Zuccotti Park is a Model Privately Owned Public Space

Impact
ByAdam Lubitz

With winter looming, debate has sprung up over whether or not the falling temperatures will help disperse Occupy Wall Street protesters from their lower Manhattan encampment at Zuccotti Park. Nearly a month ago, the park owners, Brookfield Office Properties, backed down from trying to legally evict protestors on the grounds of poor sanitation. Today, Occupy Wall Street maintains a downtown presence that is stronger than ever. Despite critics arguing that the park has become a hotbed of depraved activity, pointing out the confirmed incidents of sexual assault and other instances of violence, the movement endures into its eighth week. But what these incidents and the resolve of the protest should make us question is the actual role of public space in our cities. 

Privately Owned Public Spaces (POPS) such as Zuccotti Park come under criticism for their alleged abandonment of a traditional public park ideal for the sake of improving private real estate. However, the leniency on curfew and public conduct within the divergent POPS regulations, which essentially allowed for Occupy Wall Street to settle and grow, illustrates the potential value of these privatized parks.

What many pundits seem to ignore is how citizens from all backgrounds might actually utilize their shared space in an equitable way. Whether we use them or not, public spaces are an obviously vital component of any democratic republic, regardless of political persuasion. Based on this assumption, Zuccotti Park not only lives up to this ideal, but it also advances it due to its more flexible allowance of public space.

After the protester’s inability to organize on Wall Street itself, their exodus to Zuccotti Park has enabled them to build a functioning community and effectively designate various sections of the 33,000 square foot park for specific uses. Under the guidance of anthropologist David Graeber on September 17th, Zuccotti Park has turned into a community that helps support the movement’s core.

While Zuccotti Park was adopted as a privately-owned – and under-utilized – public space following its approval by the City Planning Commission in 1968, the park has lingered under new management since its renovation in 2006. Over 520 of these POPS have sprung up around New York City, roughly half of which have no park curfews. This lack of curfew comes since changes to the New York zoning code in the early 1960s, changes which provided incentive to developers to donate a certain amount of their property for public space for the creation of anything from pedestrian walkways to plazas in exchange for flexibility on their main structure’s height and setback restrictions.
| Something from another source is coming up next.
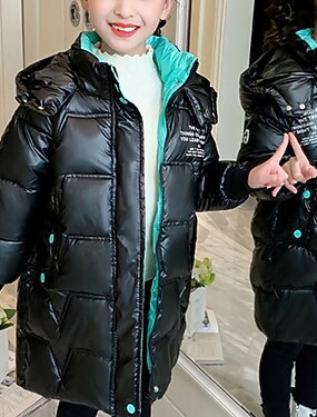 Дети Девочки Пух Пуховик Детская куртка-пуховик Круто на открытом воздухе Пальто Верхняя одежда 3-12 лет Осень Черный Синий

In the case of Zuccotti Park, Brookfield was given an additional 304,000 square feet – in their case, nine stories – to create office space in their adjacent property, One Liberty Plaza.

Since the start of the organized protest however, New Yorkers have slowly realized some of the possibilities for public space in their city’s vitality. If a city’s open spaces aren’t utilized for common activities, is it really even a city? Numerous auto-dependent cities across the U.S., where sidewalks remain essentially motionless regardless of the time of day or day of the week, serve instead as monuments to a fleetingly exciting architectural project or corporate merger. New York is not such a city. It’s no coincidence that New York is world renowned for its street life as well as its history of social movements.

Some critics of POPS point out how with this type of regulation via incentives for developers, it merely results in less overall revenue and worse public spaces. But this viewpoint seems to only conceptualize public spaces in a traditional sense of the term. With the promotion of such parks across the U.S., municipal governments may continue to encourage values beyond the one-dimensional notion of economic efficiency through larger, park-free urban environments. However, a main concern moving forward is whether or not OWS will merely become an excuse for stricter rules and regulations on POPS in the future.